Task prompt.
The answer must be an exact copy of the lines from the top of the listing below through the line with "Bawełniany KOMPLET z", with no pictures.

::: Dataset records :::

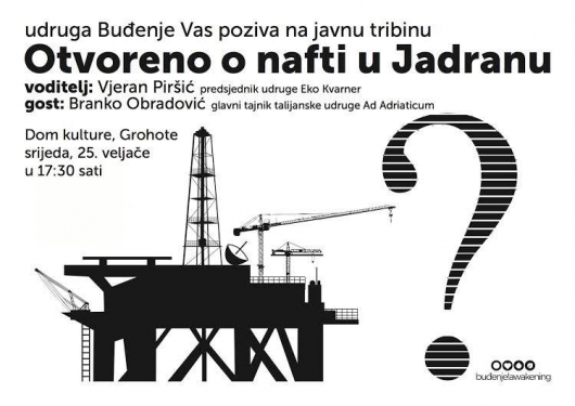 Tribinu organizira udruga Buđenje. Tribina će se održati u Domu kulture Grohote, u srijedu, 25. veljače 2015. s početkom u 17.30 sati.
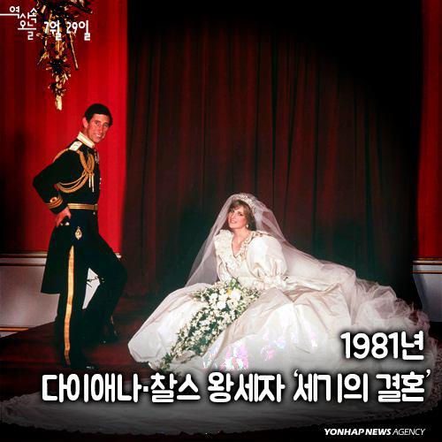 (서울=연합뉴스) 20살 금발 신부는 젊음만으로도 빛이 났다. 케임브리지대를 졸업한 32살 신랑은 왕위 계승자로서 자신감이 넘쳤다. 신랑, 신부가 영국 런던 세인트 폴 성당 복도를 행진하자 7.2m 길이의 웨딩드레스 자락이 물결 쳤다. TV 중계로 결혼식을 지켜본 전 세계 7억5천만여명은 신혼부부를 축복했다.
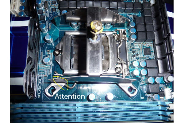 Attention: Sollte die Halterklammer wie in dem Beispielbild bei der Klammer für die CPU im Weg sein, hilft eine Überbrückung mit Unterlegscheiben z.B. durch Artikelnummer: 94523.
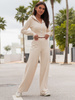 Bawełniany KOMPLET z prążkowanej dzianiny krótka bluzka i dopasowane spodnie z szerokimi nogawkami beżowy D406 k01
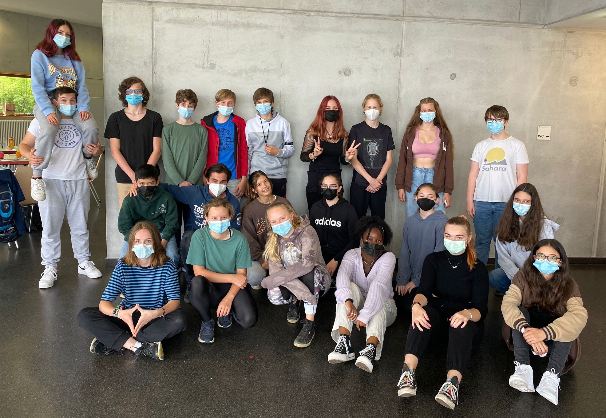 Gruppe von jungen Menschen, die in einem Raum mit grauen Wänden stehen und sitzen. Alle tragen Mund-Nasen-Schutzmasken. Die Gruppe lächelt und posiert freundlich für das Foto. Es sind insgesamt 24 Personen, darunter sowohl Jungen als auch Mädchen, in unterschiedlichen Kleidungstilen.links n. rechts, obere Reihe: Vici, Nikita, Pépe, Henrik, Jannes, Ole, Anna, Vico, Lisa, Lucas

:::

The answer.
 Tribinu organizira udruga Buđenje. Tribina će se održati u Domu kulture Grohote, u srijedu, 25. veljače 2015. s početkom u 17.30 sati.
 (서울=연합뉴스) 20살 금발 신부는 젊음만으로도 빛이 났다. 케임브리지대를 졸업한 32살 신랑은 왕위 계승자로서 자신감이 넘쳤다. 신랑, 신부가 영국 런던 세인트 폴 성당 복도를 행진하자 7.2m 길이의 웨딩드레스 자락이 물결 쳤다. TV 중계로 결혼식을 지켜본 전 세계 7억5천만여명은 신혼부부를 축복했다.
 Attention: Sollte die Halterklammer wie in dem Beispielbild bei der Klammer für die CPU im Weg sein, hilft eine Überbrückung mit Unterlegscheiben z.B. durch Artikelnummer: 94523.
 Bawełniany KOMPLET z prążkowanej dzianiny krótka bluzka i dopasowane spodnie z szerokimi nogawkami beżowy D406 k01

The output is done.